> [Data provided]:
-------
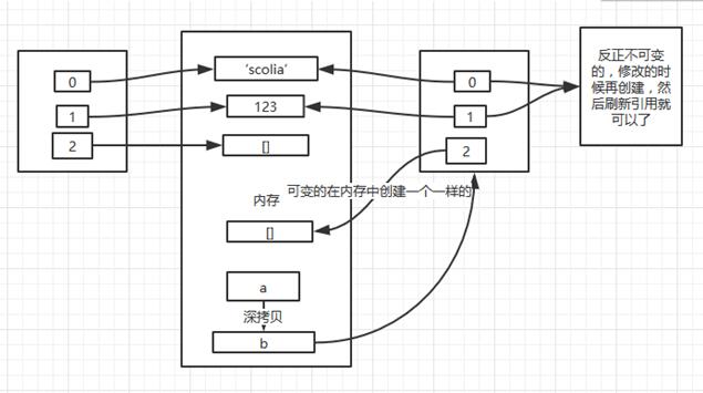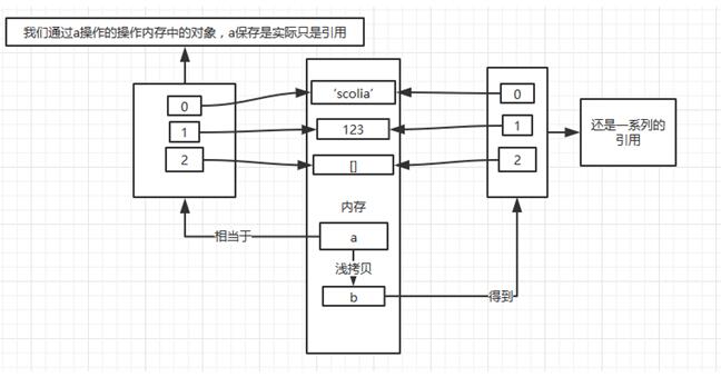 a = ['scolia', 123, [], ] b = a[:] print id(a), id(a[0]), id(a[1]), id(a[2]) print id(b), id(b[0]), id(b[1]), id(b[2])
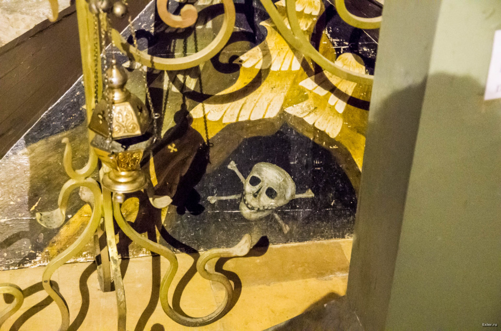 А под распятием - вот такое изображение. Не все знают, что так внизу распятий изображался Адам - первый человек.
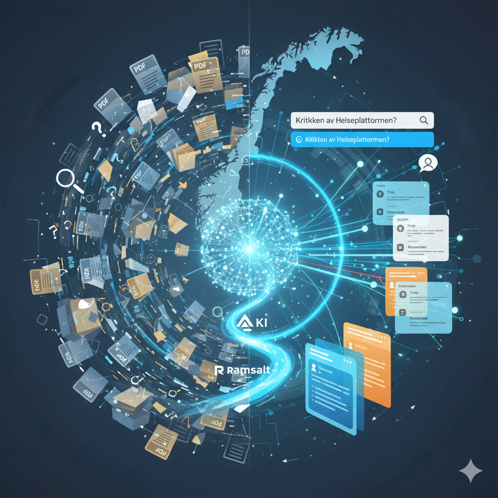 Offentlig sektor flyter over av kunnskap – fra utredninger til evalueringer. Utfordringen har lenge vært å finne denne informasjonen i havet av PDF-er. Ramsalt har vært sentral i utviklingen av Kudos – en nasjonal kunnskapsportal. Ved å implementere banebrytende KI-basert dokumentanalyse, har vi bidratt til å snu en kaotisk dokumentbase til en gullgruve av søkbar innsikt.
-------
> [Task goal]: Take the line containing "А под распятием" as the first line and the last line of the data above as the final one, and output exactly the lines between them, inclusive, with no pictures.

> [Answer to this task]:
 А под распятием - вот такое изображение. Не все знают, что так внизу распятий изображался Адам - первый человек.
 Offentlig sektor flyter over av kunnskap – fra utredninger til evalueringer. Utfordringen har lenge vært å finne denne informasjonen i havet av PDF-er. Ramsalt har vært sentral i utviklingen av Kudos – en nasjonal kunnskapsportal. Ved å implementere banebrytende KI-basert dokumentanalyse, har vi bidratt til å snu en kaotisk dokumentbase til en gullgruve av søkbar innsikt.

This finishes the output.